Art and the unseen

Art and the unseen

The Memorial Art Gallery’s “Hidden Passions: Inspiring Conversations about Hyphenated Lives” is in its third season of celebrating the creative lives and private hobbies of Rochesterians.

“Hidden Passions puts our friends and neighbors center-stage so that we can marvel at the extraordinary creative adventures happening all around us … and perhaps find inspiration for our own,” says Jonathan Binstock, the Mary W. and Donald R. Clark Director of the Memorial Art Gallery.

Here, we highlight one member of the University community who is being featured this season.


Like many college students at the University of Rochester who thrive on the school’s open curriculum, Dan Hargrove ’17 (KEY) has multiple interests that he pursues with equal vigor. When he appears this week at the Memorial Art Gallery’s monthly series “Hidden Passions,” the international relations major will be talking about two distinct pursuits.

University of Rochester Key scholar Daniel Hargrove is pictured with his art in Hoeing Hall February 2, 2017. Hargrove is one of the four undergrads presenting at the student edition of MAG’s Hidden Passions February 9. // photo by J. Adam Fenster / University of Rochester

The first is his art. With no formal training, Hargrove has honed his craft, creating detailed, colorful ink and watercolor marker drawings. His work, which he showcases in an online portfolio at Danielhargrove.com, features vibrant scenes of surreal worlds as well as collage-style pieces.

He’ll also be discussing the coral reef he created and has maintained in an aquarium at home since he was 14 years old. He says it took a lot of trial and error to find the right balance of proteins, light, and coral species to best sustain his small ecosystem. In addition to the coral, there are five fish living in the reef today—two clownfish, two eels, and a lawnmower blenny—which Hargrove describes as a comical fish with eyebrows.

His interest in art was piqued during his junior year of high school, after a visit to the Metropolitan Museum of Art with his father. After that visit, Hargrove’s parents “gave him supplies and let him go.”

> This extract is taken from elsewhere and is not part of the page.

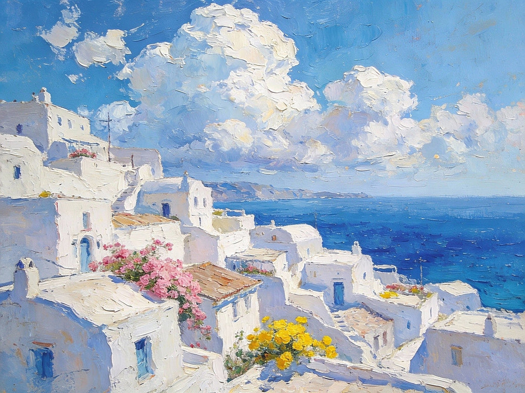 Original Canvas Paintings, Azure Dreams of the Aegean, Small Oil Paintings on Canvas, Palette Knife Artwork, Landscape Oil Paintings, Hand Painted Wall Art
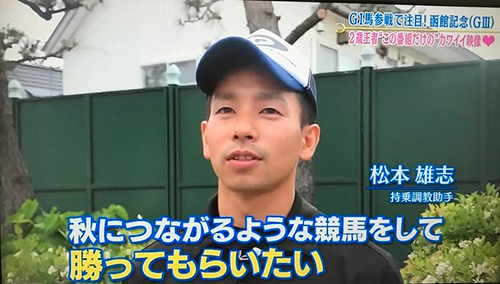 日曜日の重賞「函館記念」の特集では、①サトノアレスを担当する松本雄志持乗調教助手と、

He notes that he comes from an artistic family. His great aunt, Riva Helfond, was an artist with the Works Progress Administration, the federally funded program that provided jobs to unemployed people during the Great Depression of the 1930s.

Hargrove has maintained a coral reef in his New Jersey home since he was a teenager. (Photo provided by Daniel Hargrove

Hargrove says his desire to spend time working on his art motivates him to finish his schoolwork. “I’m always doodling,” he says. This year, he’s serving as art director for ArtAwake, a student-run festival that aims to bring art to a vacant space in the city of Rochester.

As for coral reefs, that interest, too, began after a childhood outing—in this case, after a visit to an aquarium with his grandmother in Virginia Beach. Inspired by his experience interacting with stingrays and other sea life, Hargrove installed a 4x2x2-foot aquarium and created a coral reef in his room.

Since he travels home to Essex Fells, New Jersey, only once or twice a semester, his mother helps maintain the reef by scraping algae off the tank throughout the week.

Is there a common thread between his interest in art and coral reefs? Hargrove says it’s his interest in what you don’t always see. For art, it’s the process and inspiration behind its creation. In his coral reef, it’s the tiny creatures—such as a sea cucumber or sea serpent— that you don’t see when the tank’s lights are on.

“It’s like having a slice of the ocean,” he says.